The case for a Vikings stadium discussion

The Minnesota Legislature begins its 2010 session today (MPR’s Midday is originating its entire show from the Capitol today) and the chief topic is how to to close the state’s budget deficit.

But the slightly smaller gorilla in the room is a stadium for the Minnesota Vikings. Still, it has no significant chance of coming up for discussion this year.

Gov. Pawlenty tried to put the discussion in play yesterday during his appearance on MPR’s Midday when he offered several possible ways to raise some revenue for the Vikings, whose lease at the Metrodome expires at the end of next season.

Sooner or later, the issue has to come up for discussion. The question is: Should it be sooner? Or later?

Minnesota politicians specialize in waiting until the last minute to solve problems and make decisions, and from the pre-session talk, they’re likely to put off a stadium discussion until next year. Part of that is a hope something will change between now and then. But all of the economic reports say nothing will likely change.

“As soon as the topic comes up, it sucks the air out of the room,” my colleague, Kerri Miller, a former Capitol reporter, said to me this morning while we were arguing about whether the issue should be discussed this session.

She’s probably right; legislating is hard, especially in an election year.

Why should the topic come up? Two reasons. One, is someone — somewhere — has to have a long-range vision for Minnesota. What exactly do you want Minnesota to look like in five years? And, once we settle on that, how do we get there? Is an NFL team part of that vision? What’s the dropout rate in Minnesota in 2015 (A proposal is to increase the age at which we let kids drop out)? What industry — bioscience, for example — do you think Minnesota should try to attract as a dominant industry?

This is not an entirely foreign concept at the Capitol. In one of the few bipartisan efforts on major legislation, lawmakers and the governor set benchmarks for reducing greenhouse gasses in the state by 2015. They didn’t wait until 2014 to do it; they did it in 2007.

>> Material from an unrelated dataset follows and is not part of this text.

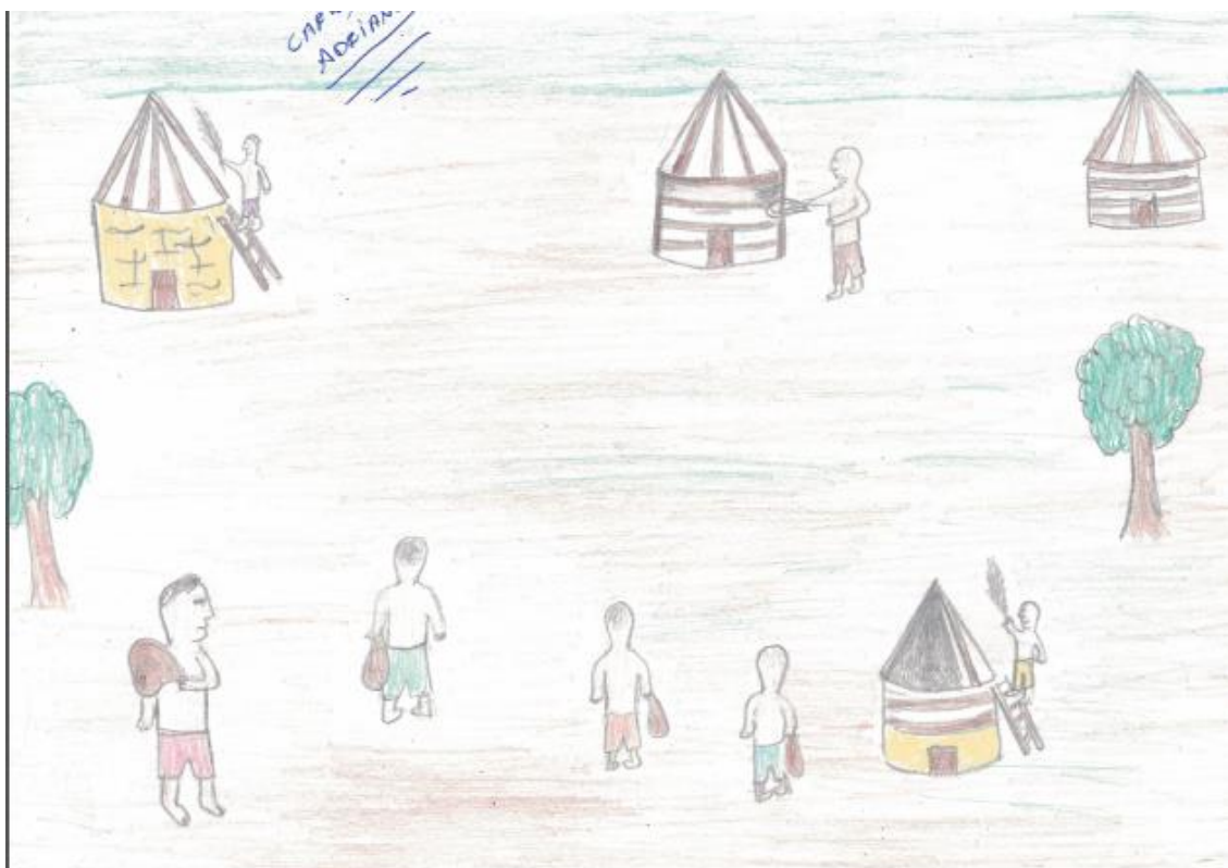
Ilustração VIII: Reconstrução da aldeia depois do fogo de 51

Reason two: If you’re not talking about solutions, you don’t generally find them. There are, of course, the obvious and longstanding opinions on whether the state should have any role in keeping an NFL team in Minnesota. “Why should taxpayers have to pay to have an NFL team?” is one. The answer is simple: Whether we like it or not, that’s the way it is. If someone else is willing to build them a stadium, NFL teams move. Whatever Minnesota decides, it has to understand the reality of sports economics.

It’s true that the Legislature has big issues that need to be discussed that may have more priority than deciding the fate of the Minnesota Vikings. But legislators in the House today filed 337 more bills for consideration, most of which are far less significant, that also get to the issue of how the state spends its money: A pedestrian walkway at Minnetonka Beach, an airport hangar for Thief River Falls, a campground in Two Harbors, and renovation of Orchestra Hall in Minneapolis among them.

Someone must think a pedestrian walkway, an airport hangar, a campground, and an orchestra are part of a vision and are prepared to discuss it in this session. Why not add the Vikings’ stadium to the debate?

“People need jobs in this state; it’s an important part of what’s going on in the economy,” House Speaker Margaret Anderson Kelliher said last month. “However, public money going towards this is a very difficult sell in a budget crisis.”

She’s right. It will be. But talking about it and considering solutions doesn’t preclude saying “no” to any of them. Otherwise, the state is dealing with a problem by ignoring it. How’s that strategy worked out in the past?